Бродя под дождём, Маркес, быть может, замечал, как верно описывал Лондон Диккенс. Изводило его в Лондоне и отсутствие крепкого табака: последние деньги уплывали на французские сигареты «Голуаз». Но, несмотря на невзгоды и мытарства (в этом весь молодой Маркес — неимоверная сила воли!), он писал, и много. «Большая удача, если ты оказался в городе, где по непонятным причинам пишется особенно хорошо… где можно закрыться в номере и воспарить в табачном дыму… За месяц я написал там почти все рассказы „Великой Мамы“».
Написал он там и яркий, с английским юмором очерк об англичанах. «Приехав в Лондон, я поначалу думал, что англичане на улицах разговаривают сами с собой. Потом я понял, что это они извиняются. В субботу, когда весь город стекается на Пиккадилли-Серкус, шагу невозможно ступить, чтобы не столкнуться с кем-нибудь.
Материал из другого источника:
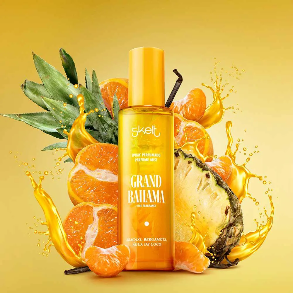 O Body Splash Skelt Grand Bahama é uma fragrância única, inspirada na essência exótica e solar das Bahamas. Desenvolvido para pessoas que buscam um tratamento olfativo, este spray traz a sensação refrescante das frutas do verão, transportando você a um ambiente de luxo e paisagens deslumbrantes. Ideal para quem deseja transformar sua visão de mundo e elevar seu estado emocional através de uma experiência sensorial incomparável.
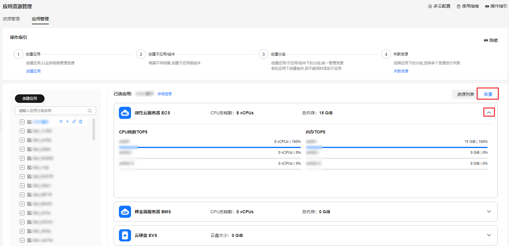 - 在左侧应用栏,选择需要查看的应用、子应用、组件或分组,单击右侧“容量”。
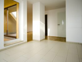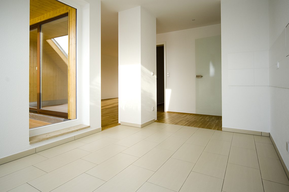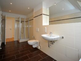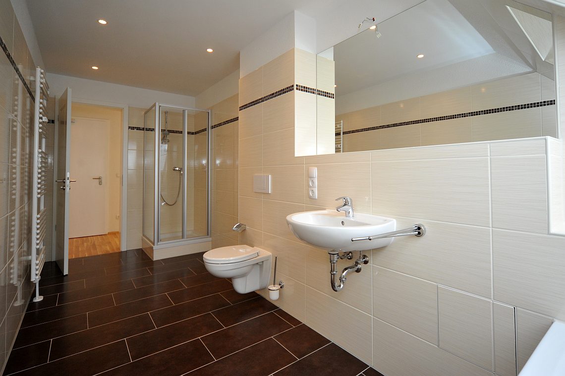 Die SABA Bau realisierte in Leipzigs Arno-Nitzsche-Straße ein Objekt mit Eigentumswohnungen der gehobenen Mittelklasse. Wir kümmerten uns um das Thema Fliesen und verlegten etwa 800 Quadratmeter. Die großen Fliesenplatten von 30 mal 60 Zentimetern unterstützen den luftigen Raumeindruck. Beigetöne kontrastieren mit Braun. Ein mosaikartiger Streifen gibt dem Raum eine zusätzliche Struktur. Wichtig war unter anderem, einen glatten Übergang zwischen Fliesen und Parkett zu erreichen. Wir lieferten und montierten auch die großen Spiegel.
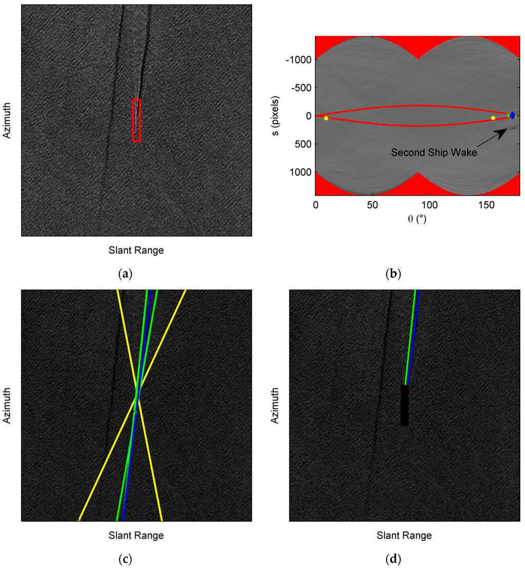The five points are converted into five lines in the input image by the inverse Radon transform (Step 3 in Figure 1), and the 180° ambiguity in ship heading must be solved (Step 4.1 in Figure 1). To this end, the lines of the wake features are intersected with the constant-range line passing through the focused ship location. Then, the turbulent wake is identified as the half-line with lower mean intensity. The narrow-V and Kelvin arm half-lines are identified as the ones within 90° from the unambiguous turbulent wake half-line.
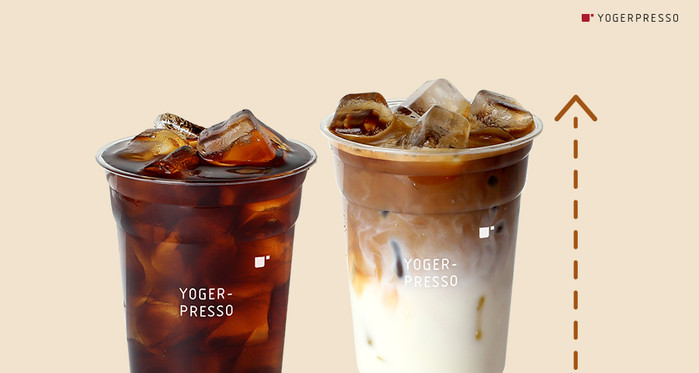 요거프레소는 신규 사이즈 도입과 관련해 가격대비 마음의 만족도를 뜻하는 단어인 '가심비'에 집중하며, XL사이즈 메뉴를 도입했다.
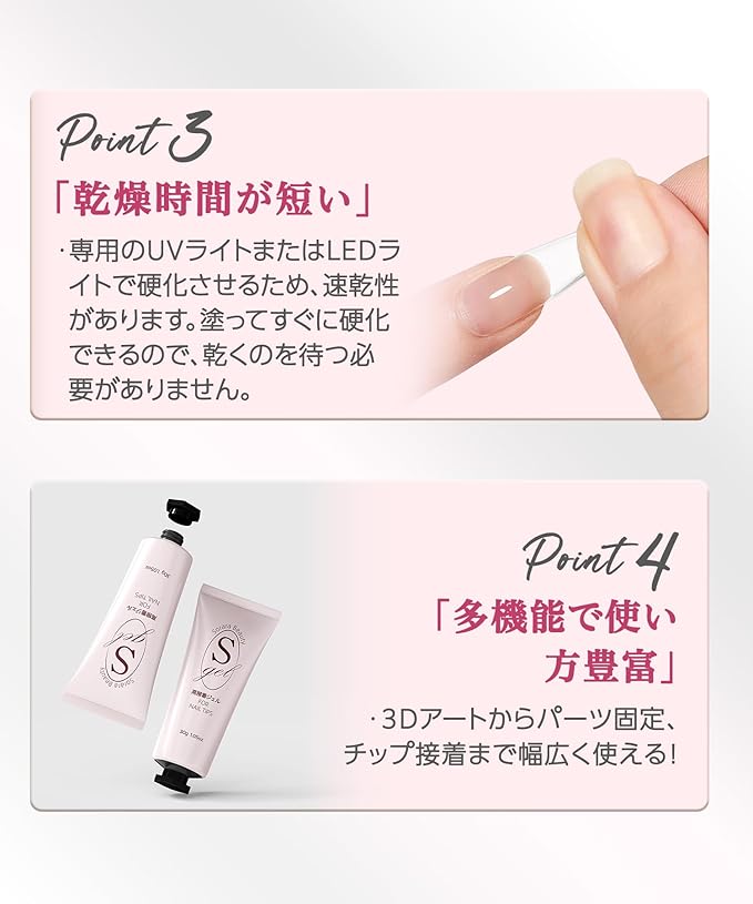 【多用途で便利】 ネイルチップの接着はもちろん、ラインストーンや3Dパーツなどの固定にも対応。これ1本で幅広いネイルアートに活躍します。
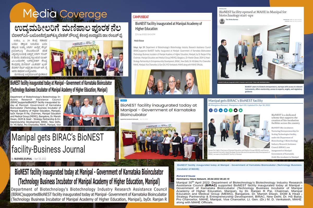 BioNEST Incubation facility at MAHE, Manipal, promotes technology innovations for the development of knowledge-based enterprises with successful business models. Bioincubator provides world-class faculties, infrastructure, and services for the incubation of start-ups in various domains of biopharma, biomedical devices, dental innovation, biotechnology, healthcare, and diagnostics.
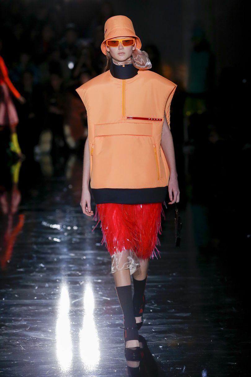 Alors, lorsque sur le podium milanais de l’Automne/Hiver 2018/19, Prada fait défiler nombre de pièces iconiques tout droit issues des archives de cette ligne arrêtée en 2000, on se dit que Miuccia Prada vise juste, encore une fois. Comme un savant mélange entre gimmicks sports et élégance italienne, cette silhouette fait la part belle à la couleur orange — mais version néon. Il faut dire que la collection de la saison prochaine a défilé dans une ambiance très urbaine, presque futuriste. Cette pièce de sport prend ainsi des allures de vêtement spatial et, à travers le Nylon transformé en techno-matière, gagne en pertinence.
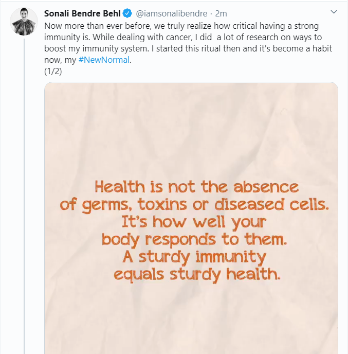 "Now more than ever before, we truly realize how critical having a strong immunity is. While dealing with cancer, I did a lot of research on ways to boost my immune system. I started this ritual then and it's become a habit now, my #NewNormal."
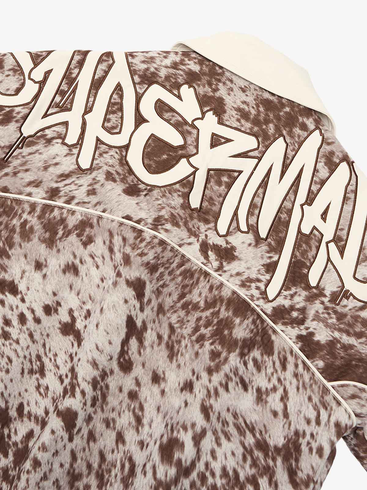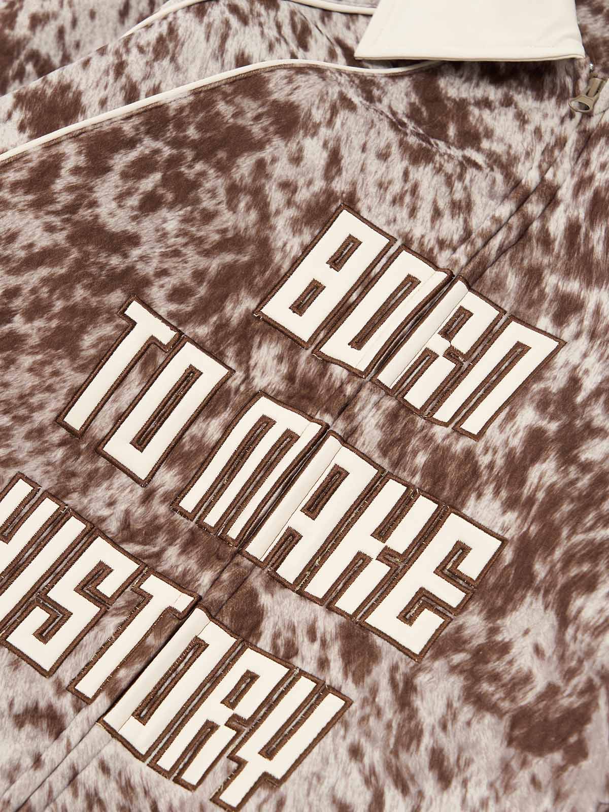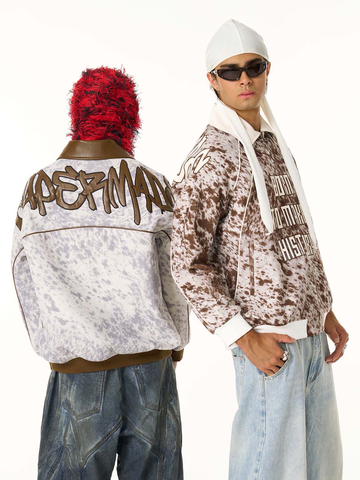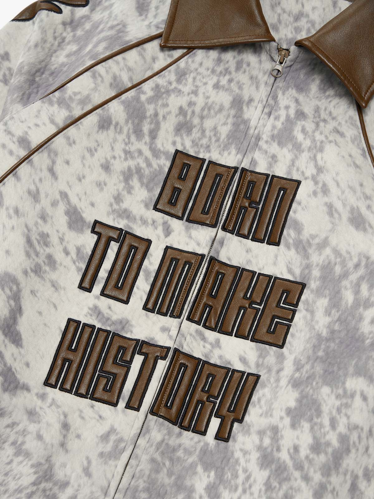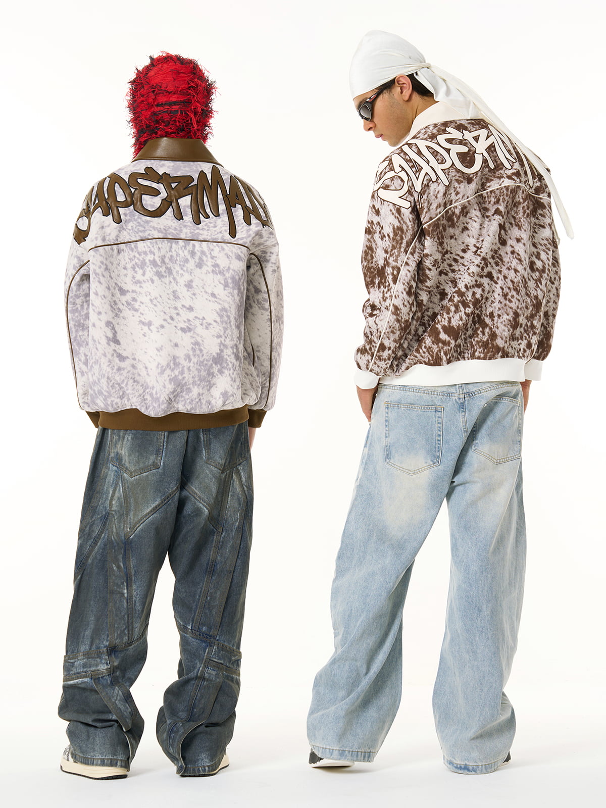 • Design Elements: Bold "Born to Make History" text print, cow print pattern, relaxed fit jeans
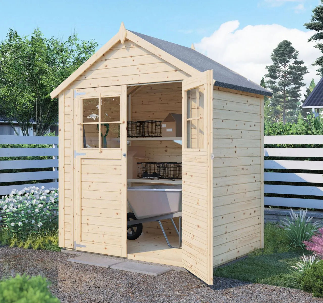 Unsere Gartenhäuser überzeugen in klassischer Optik. Das ansprechende Design fügt sich harmonisch in Ihre Gartenlandschaft ein.
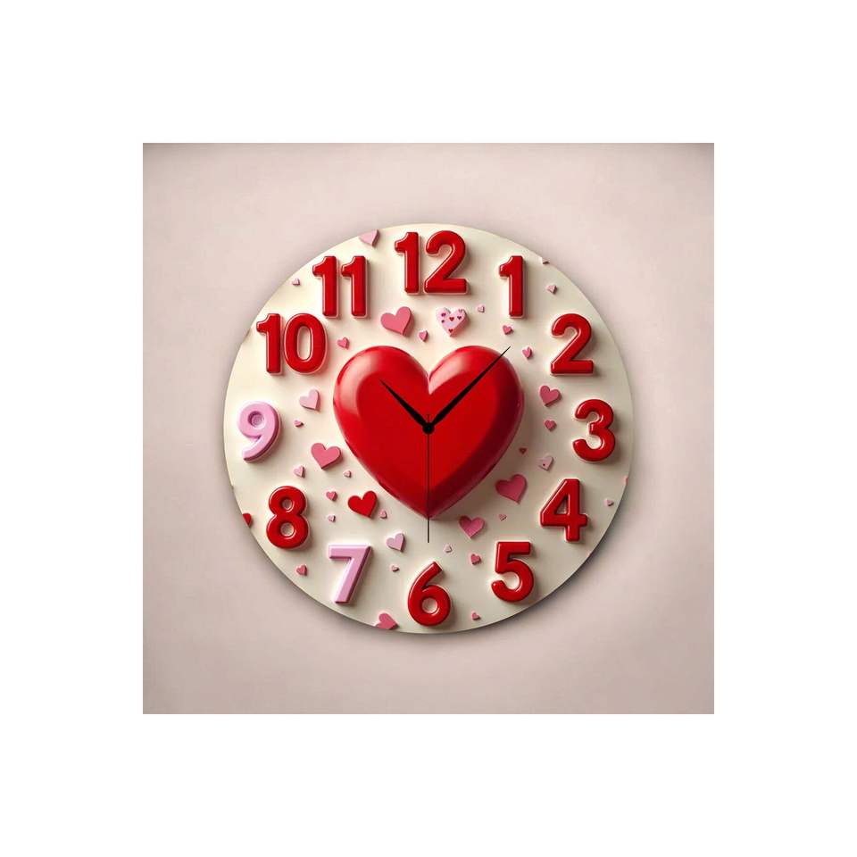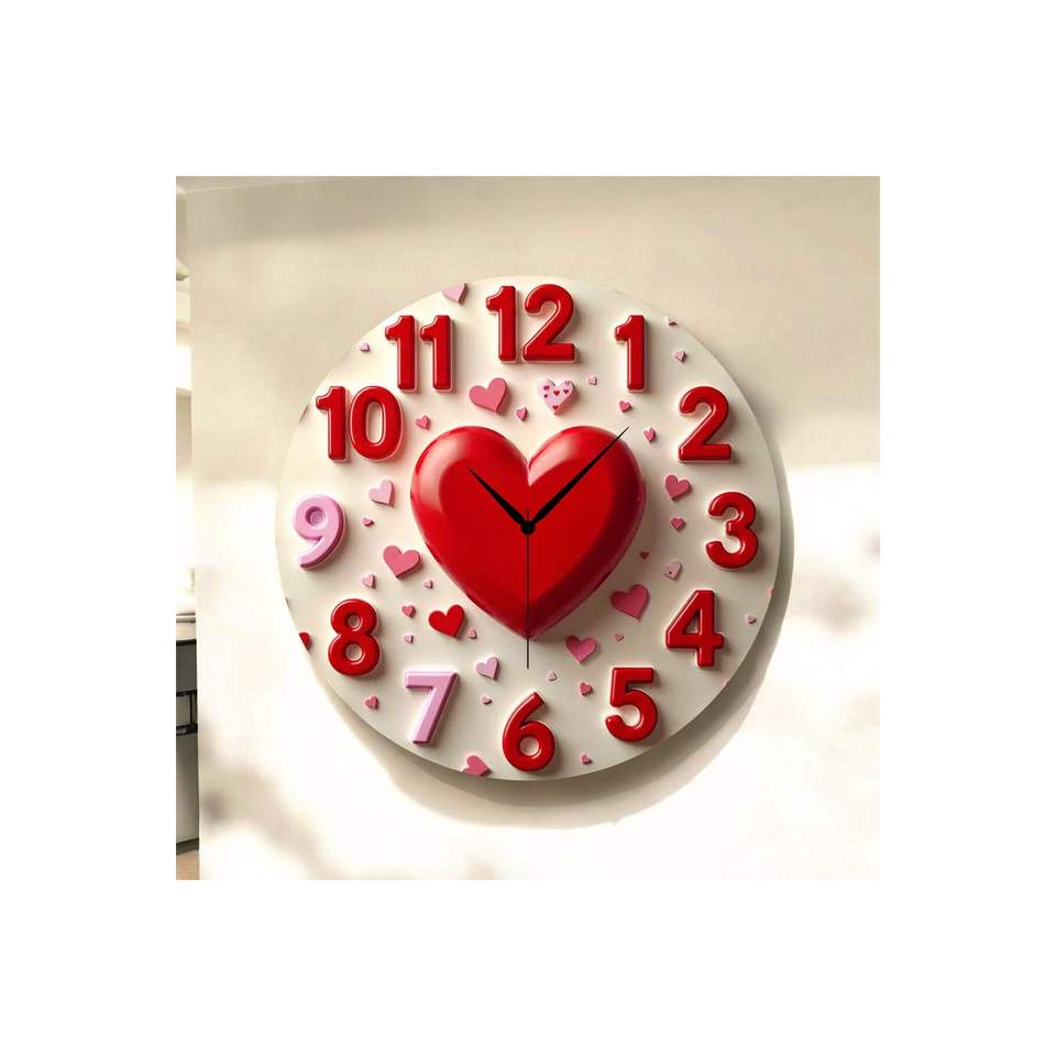 นาฬิกาแขวนผนังไม้ทรงกลมลายหัวใจเงียบสงบ ขนาด 45x45 ซม. พร้อมตัวเลข มองเห็นได้ชัดเจน ของขวัญสุดคลาสสิก
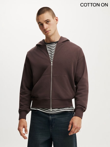 Nothing Ordinary Chocolate Brown Embroidered Heavyweight Zip Hoodie
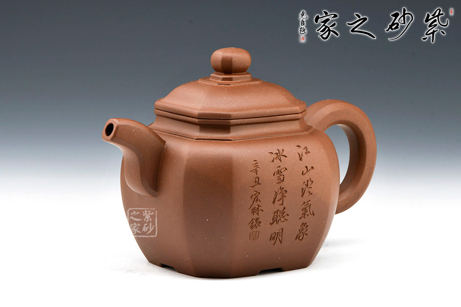 光貨離不開裝飾。俗話說(shuō)“壺隨字貴,字隨壺傳”:光壺不刻字,就是一把光壺;壺上面刻了大師、名人的字,一把壺的含金量就高了,收藏價(jià)值就更高,升值潛力就更大。王福君與中國(guó)工藝美術(shù)大師譚泉海合作最多,其次是徐安碧、鮑志強(qiáng)、毛國(guó)強(qiáng)(均為中國(guó)工藝美術(shù)大師、中國(guó)陶瓷藝術(shù)大師)。
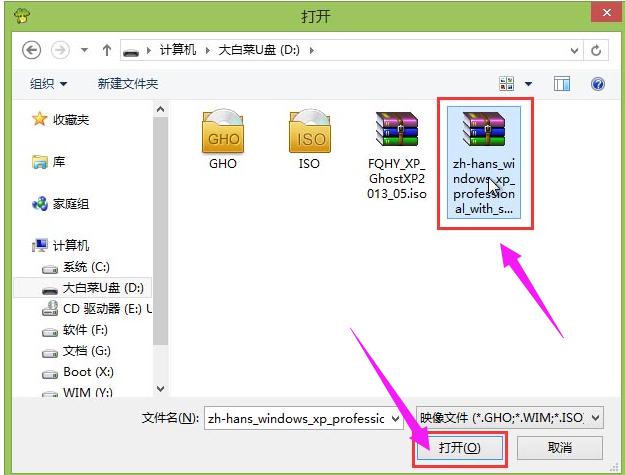 找到存放在制作好的大白菜u盘启动盘中的原版xp系统镜像包,点击“打开(O)”进入下一步操作。

Посему на улицах стоит гул, все жужжат: „Sorry“. Из-за тумана об англичанах я вообще не имею представления — знаю только их голоса… Наконец в минувшую субботу — в свете солнца — я впервые их увидел. Они все что-то ели, шагая по улицам».
Слабеющий, с почти уже помутившимся от голода и отчаяния рассудком, он часами лежал в затхлой холодной каморке, смотрел в потолок и ни о чём не думал, не мечтал. Впервые со всей отчётливостью он понял, что ни сам он, уже немолодой, некрасивый, неталантливый, нищий, ни опусы его бредовые никому не нужны. «Soledad, Соледад… — крутилось у него в голове. — Одиночество…»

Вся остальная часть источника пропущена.